— Work order —
Retype nothing except the lines below from the one with "Together, the three" through the one with "- VIP 席位:3980", exactly, with images left out.
++++++++++
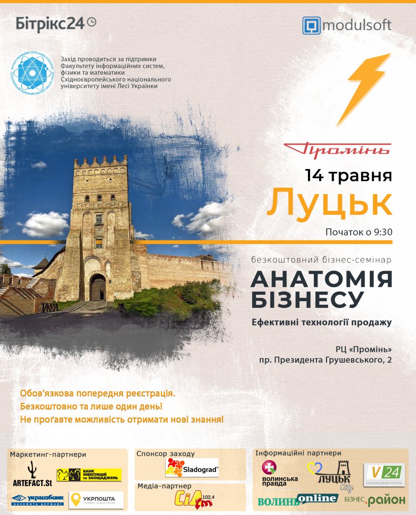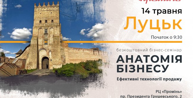14 травня у Луцьку у РЦ “Промінь” відбудеться безкоштовний семінар «Анатомія бізнесу». Про це повідомляють організатори дійства. “Не проґавте можливість отримати нові знання. Лише діючі інструменти […]
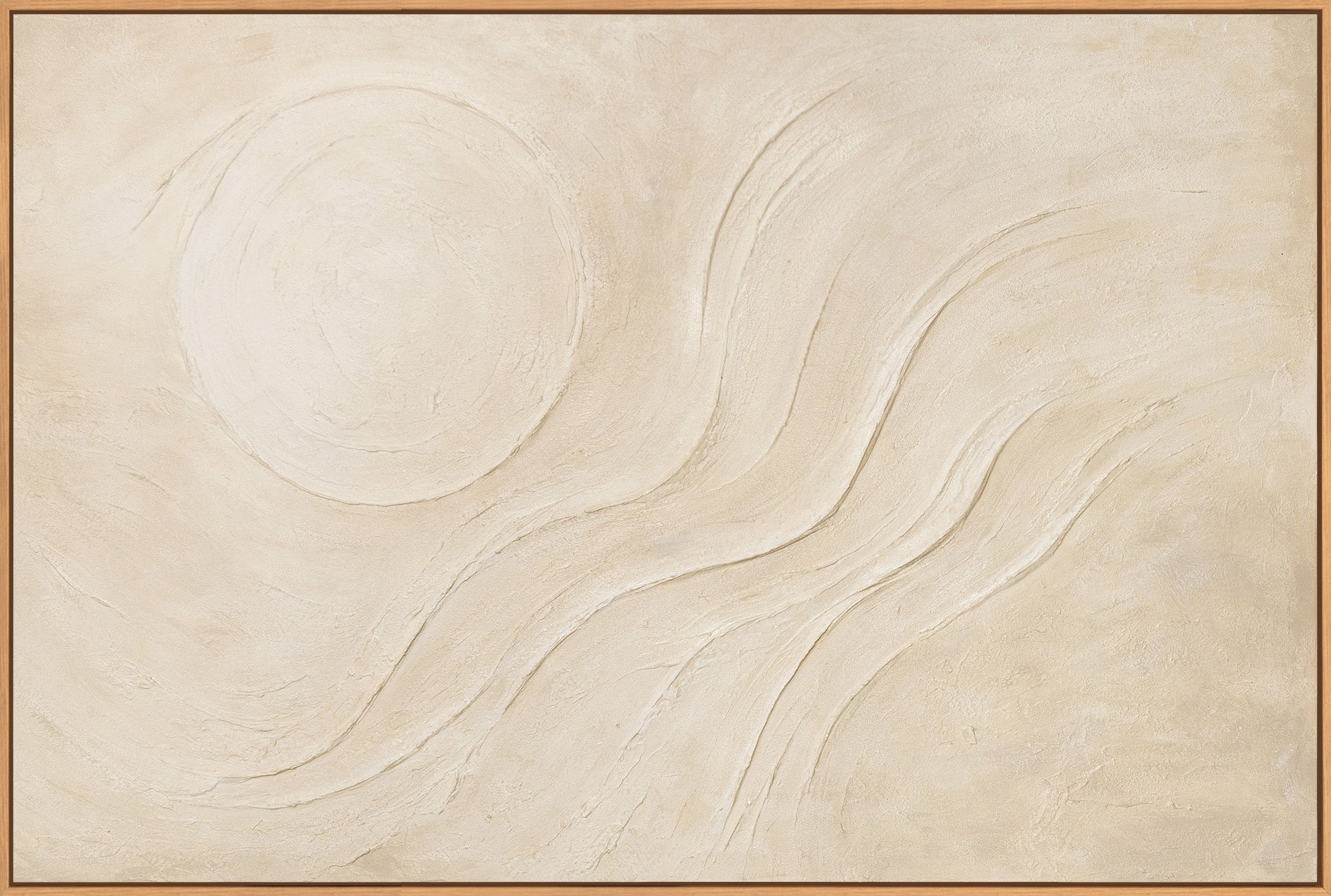 "Sandy Sun" er et abstrakt akrylmaleri med en blød, mineralsk tekstur og en varm, lys farvepalet. Delikate beige-, sand- og cremefarvede toner kombineres med flydende linjer og en cirkulær form, der minder om solskin, varme og naturens rolige kræfter.
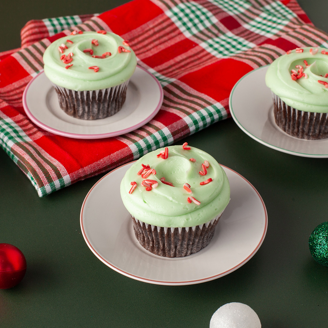 Moist chocolate cake frosted with mint buttercream and sprinkled with mini candy cane pieces — $4.99 each (sold online in boxes of 4, 8, or 12—mix & match flavors!)
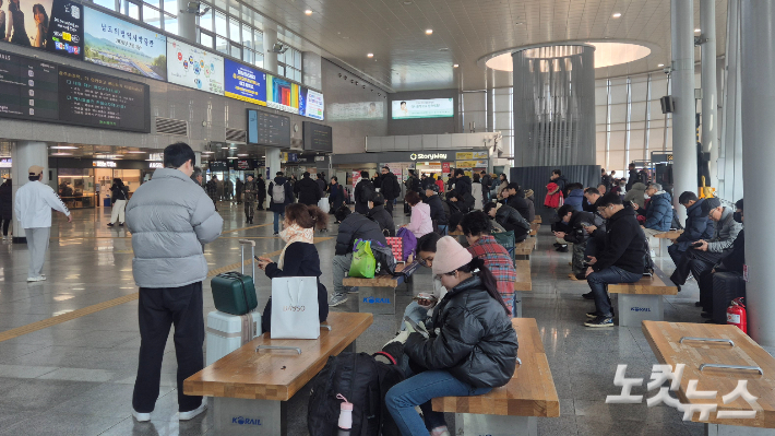 고향으로, 자녀 곁으로…귀성·역귀성 행렬 뒤섞여 역·터미널 '북적' 설 연휴를 하루 앞둔 광주송정역과 종합버스터미널은 고향을 찾은 귀성객과 자녀를 만나러 가는 역귀성 행렬이 뒤섞이며 북적였다. 13일 오전에 찾은 광주송정역에는열차가 도착하자 마중 나온 가족들의 시선이 일제히 문으로 쏠렸다.
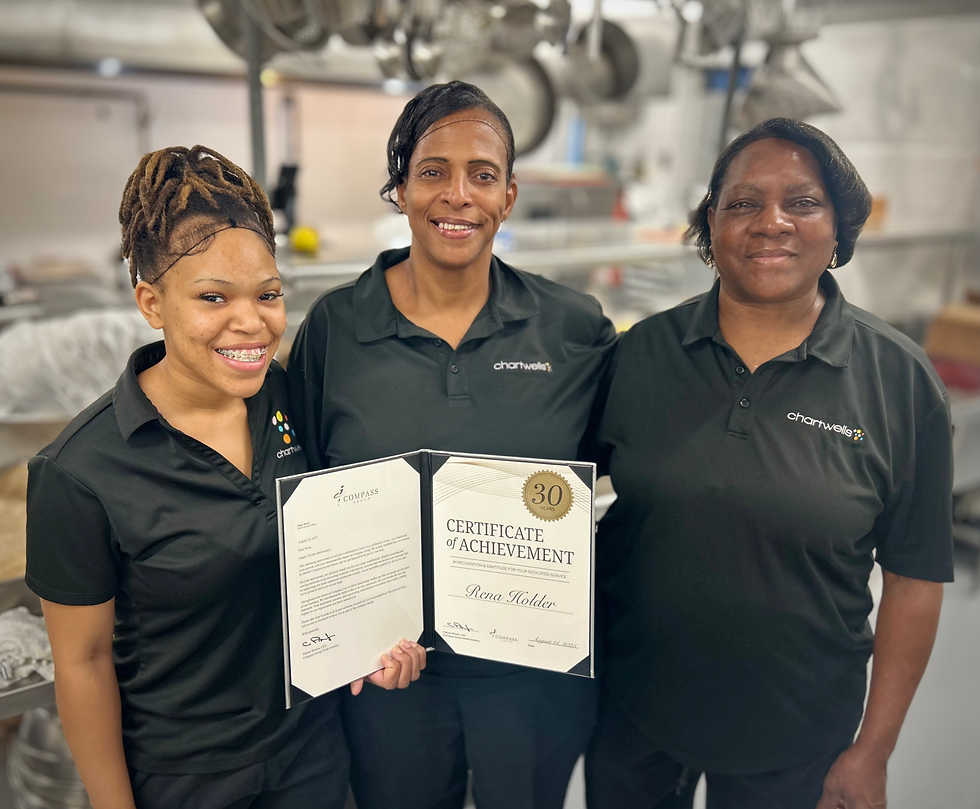 Together, the three women handle a surprisingly large workload. On an average day, they serve about 70 breakfasts and more than 100 lunches. And it’s not just one option on the tray. “We serve a main dish, pizza every day, another alternate, salad, plus sides and a la carte,” Rena explained. “It makes time go by really fast—and that’s what I love.”
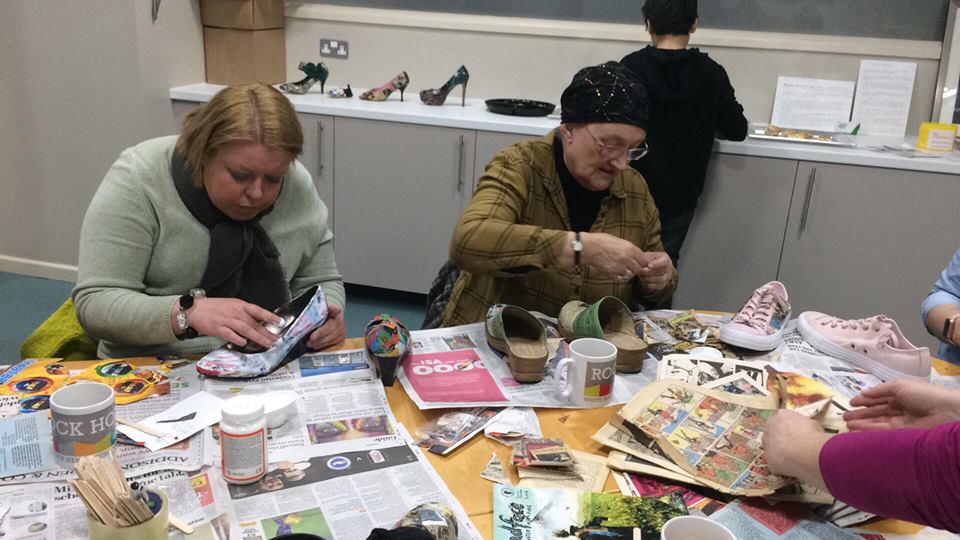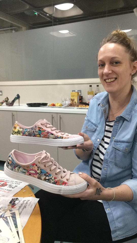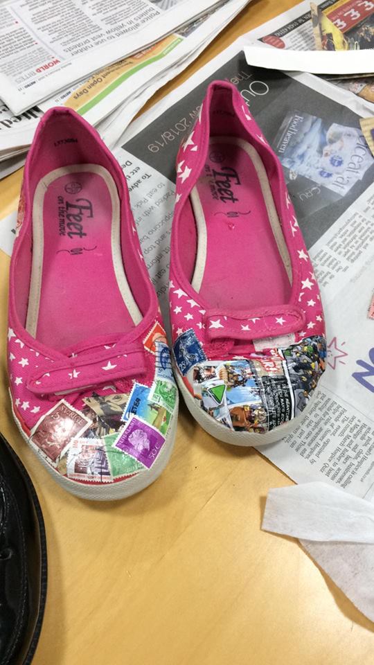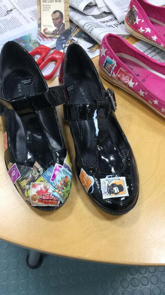 Sheryl Hall of Thrifty Couture has been running workshops in Hampstead, England, this week, encouraging people to turn comic books into footwear. Taking old unused shoes, boots, sneakers and slippers, and using comic books to re-create them as comic book styled fashion.
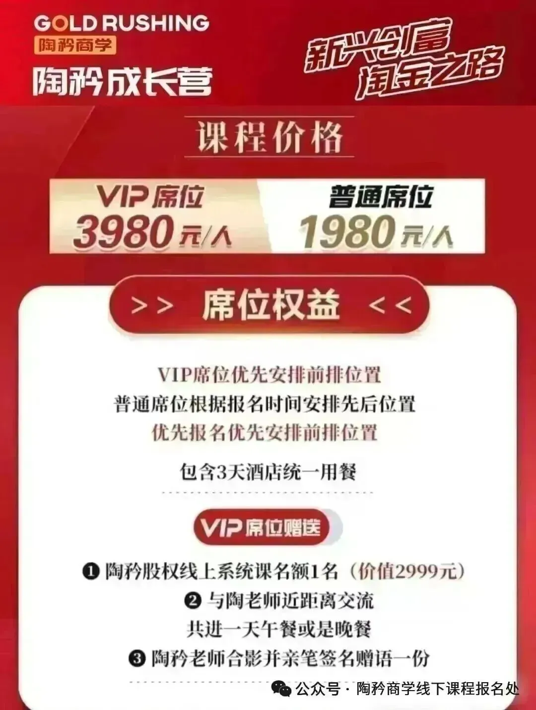 - VIP 席位:3980 元 / 人(含普通权益 + 导师 VIP 晚宴 + 股权线上课 + 专属合影,深度链接导师)。
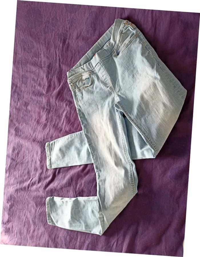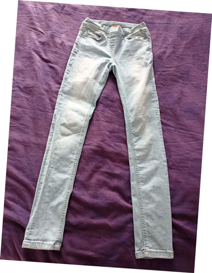 Très joli jegging bleu clair, 14 ans ou 164 cm, taille resserrable. Longueur de la jambe : 94 cm Retrouvez d'autres annonces en cliquant sur #14ansmadie57 Pensez à enlever les filtres !
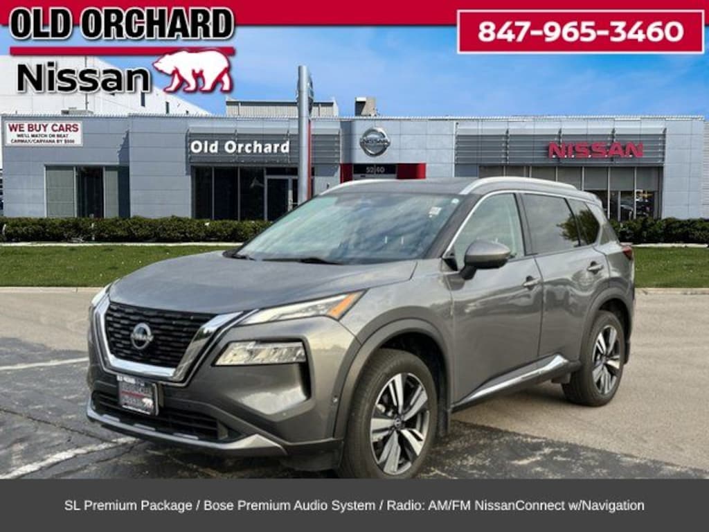 2023 Nissan Rogue CVT with Xtronic AWD, Bose Premium Audio System, Front, Side & Rear Sonar, Motion Activated Power Liftgate, ProPILOT Assist w/Navi-link, Radio: AM/FM NissanConnect w/Navigation, Rear Door Sunshades, SL Premium Package, Traffic Sign Recognition, Tri-Zone HVAC. CARFAX One-Owner. 28/34 City/Highway MPG 1.5L I3 Turbocharged DOHC 12V LEV3-ULEV50 201hp Odometer is 16239 miles below market average!
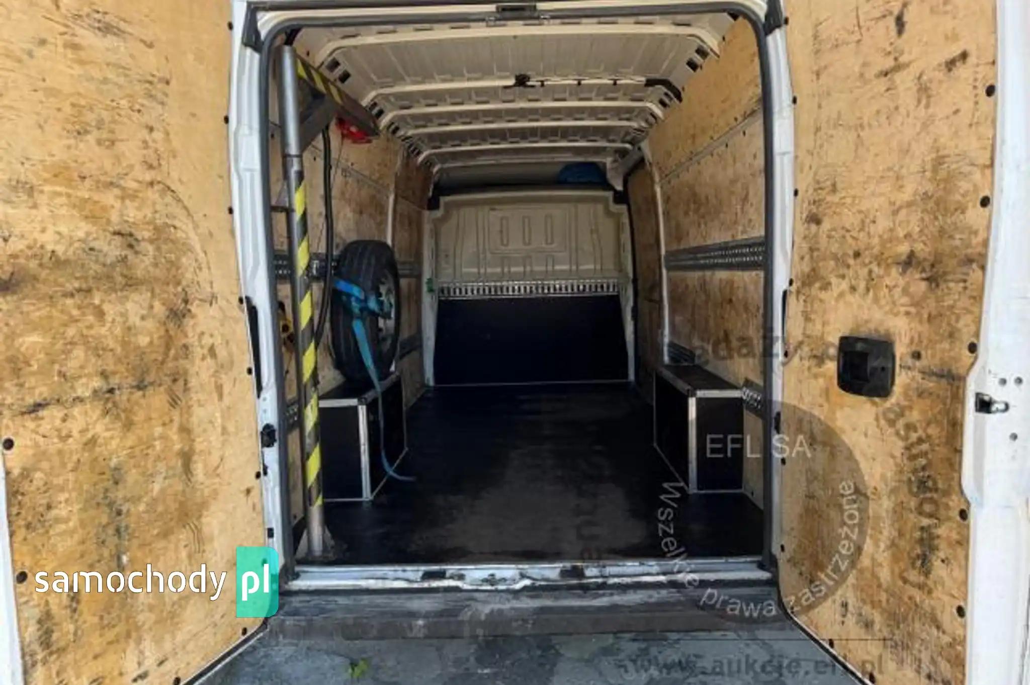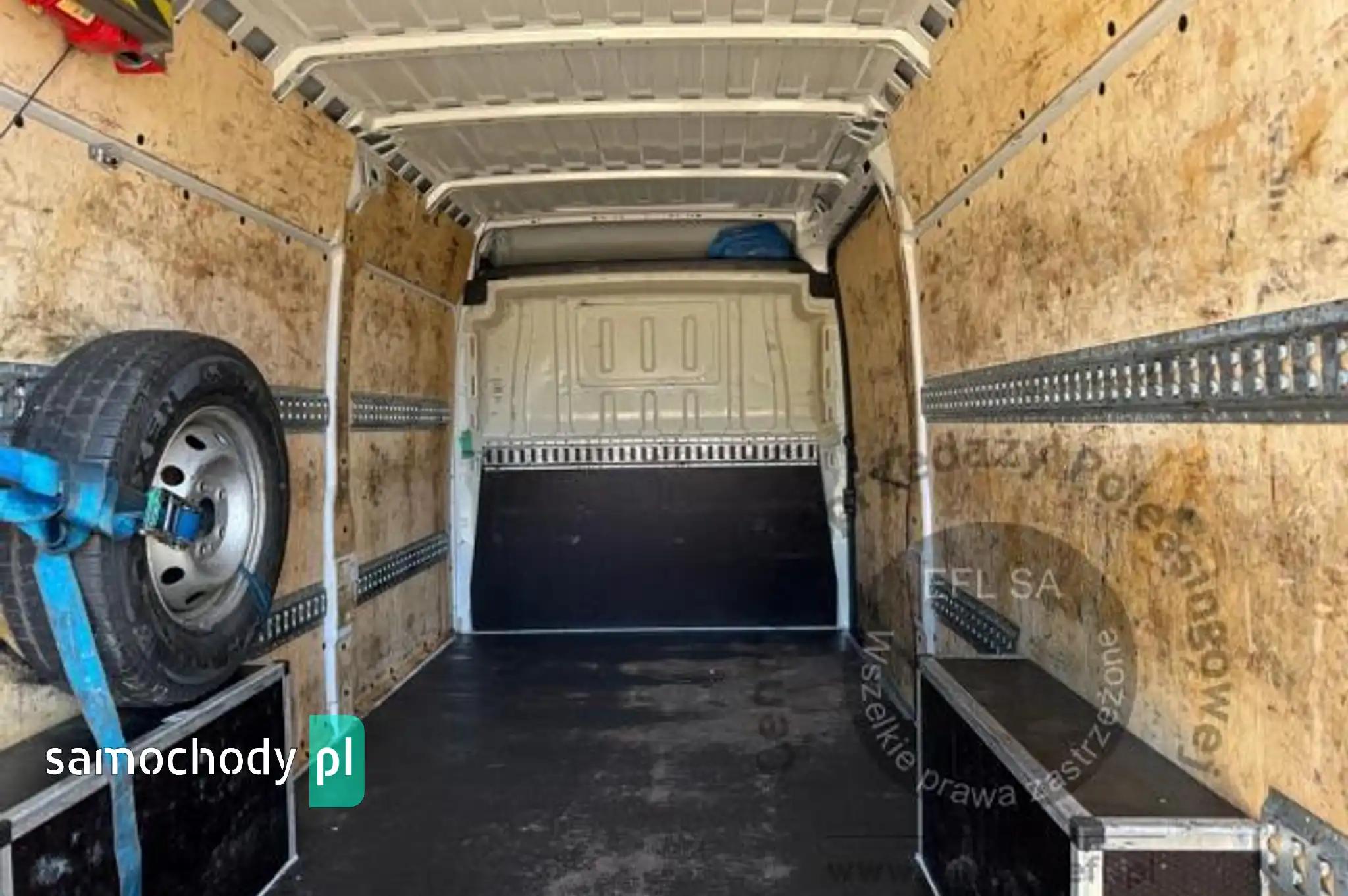 Koło zapasowe pełnowymiarowePrzegroda stała bez szybyZbiornik paliwa o pojemności 90 litrówDrzwi tylne otwierane pod kątem 270 stopniFotel kierowcy amortyzowany z pełną regulacjąFotel pasażera dwumiejscowy ze schowkiem i stolikiemListwy plastikowe ochronne na przednich nadkolachPakiet Business PlusDeska rozdzielcza TechnoHamulec postojowy elektrycznyKamera cofaniaKlimatyzacja automatycznaLusterka boczne regulowane elektrycznie i ogrzewaneŁadowarka do smartfona, bezprzewodowaRadio 7'' z bluetooth, dab, carplay, android autoSystem bezkluczykowego dostępuPółka pod sufitemŚwiatła do jazdy dziennej LEDŚwiatła przeciwmgielne z doświetlaniem zakrętówTapicerka czarna CREPE, podwójne srebrne przeszycia po bokach, zagłówek z logo DucatoTempomat z ogranicznikiem prędkościUchwyt uniwersalny do urządzeń mobilnychZawieszenie wzmocnione dla ciężkich zabudówŻuraw, zabudowa tył, Poduszki powietrzne tylnej osi AlarmCB Radio
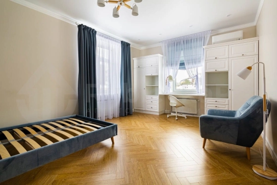 На втором этаже расположены мастер-спальня со своим санузлом и гардеробной комнатой, две детские комнаты с игровым холлом, кабинет/спальня, гардеробная комната, санузел.
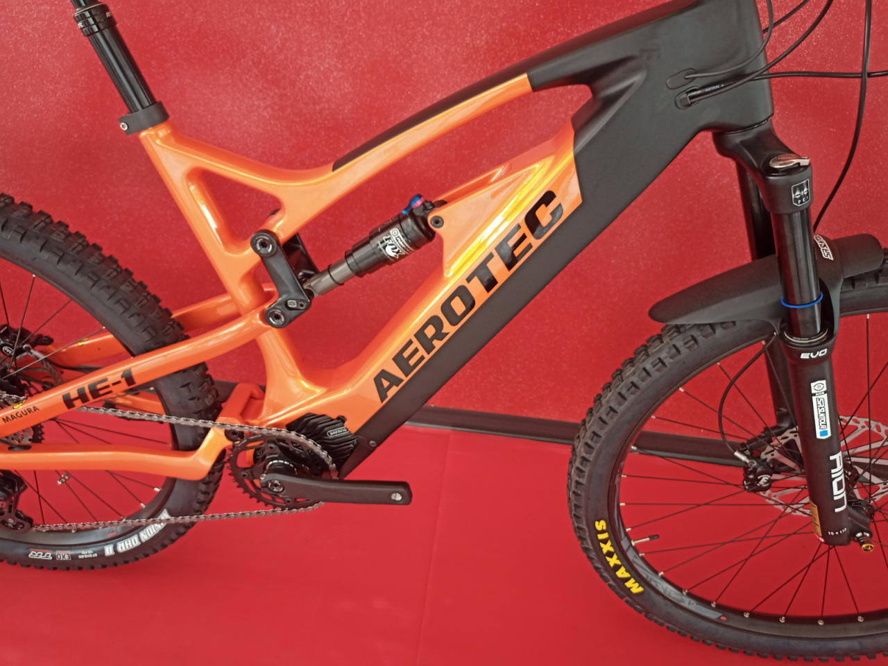 L’Aerotec HE-1 Carbon Hybrid è una e-bike full suspension progettata per affrontare ogni tipo di trail con potenza, controllo e comfort. Il telaio in carbonio da 160 mm di escursione, abbinato alla forcella Suntour Aion 35 da 29″ e all’ammortizzatore posteriore Raidon Air con lockout, assicura prestazioni elevate anche sui percorsi piĂą tecnici.
++++++++++
— Exercise response —
 Together, the three women handle a surprisingly large workload. On an average day, they serve about 70 breakfasts and more than 100 lunches. And it’s not just one option on the tray. “We serve a main dish, pizza every day, another alternate, salad, plus sides and a la carte,” Rena explained. “It makes time go by really fast—and that’s what I love.”
 Sheryl Hall of Thrifty Couture has been running workshops in Hampstead, England, this week, encouraging people to turn comic books into footwear. Taking old unused shoes, boots, sneakers and slippers, and using comic books to re-create them as comic book styled fashion.
 - VIP 席位:3980 元 / 人(含普通权益 + 导师 VIP 晚宴 + 股权线上课 + 专属合影,深度链接导师)。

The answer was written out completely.